$1,200 Fine for Lawyer Who Flamed Judge in Blog Post

Sean Conway, free speech advocateState bar authorities in Florida have fined trial lawyer Sean Conway $1,200 for criticizing judge Ft. Lauderdale Judge Cheryl Aleman on a blog. Among other remarks, Conway called the judge an "evil, unfair witch." (Incidentally, the judge herself was sanctioned by a state panel for her "arrogant, discourteous and impatient" manner, according to The New York Times.)

The Florida Supreme Court recently upheld the decision to fine Conway. The judges didn't issue an opinion in the case and Conway had consented to the order.

Just as consumers can now air gripes on blogs, doctors, lawyers, bankers and other professionals can use the Web to expose matters that many businesses would prefer remain quiet," wrote blogger Wendy Davis of The Daily Online Examiner.

"What's more, professionals -- like everyone else -- have a fundamental free speech right to express themselves. It might be too late for Florida officials to revisit the Conway matter, but hopefully the courts will recognize that other bloggers have a free speech right to challenge judges, corporations and adversaries on the Web," she wrote.
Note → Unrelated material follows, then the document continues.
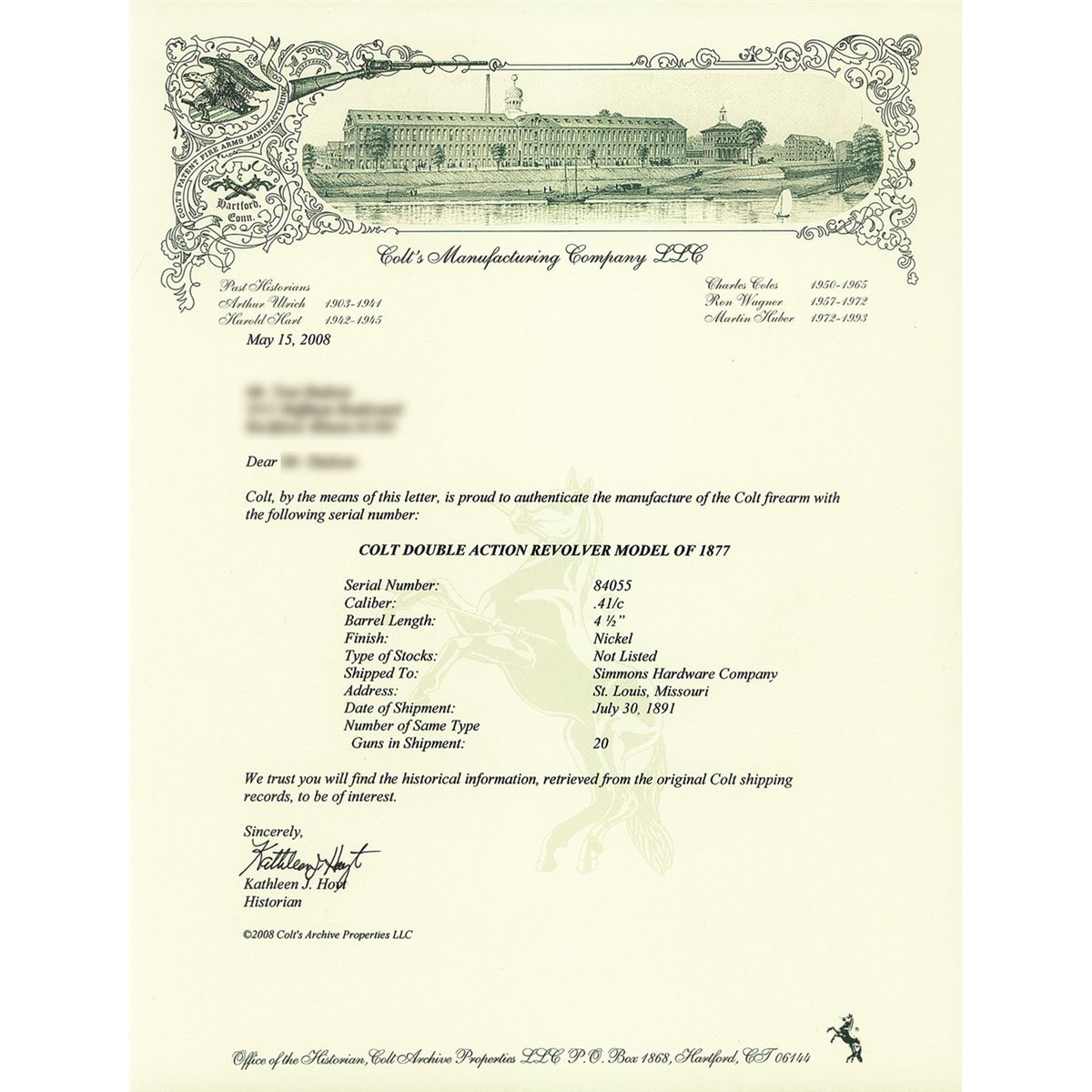 Factory letter confirms configuration, shipped to Simmons Hardware Co., St. Louis, Missouri, July 30, 1891.

Conway is hardly the only lawyer to have taken to online social media like Facebook, Twitter and blogs, but as officers of the court they face special risks. Their freedom to gripe is limited by codes of conduct.

“When you become an officer of the court, you lose the full ability to criticize the court,” said Michael Downey, who teaches legal ethics at the Washington University law school.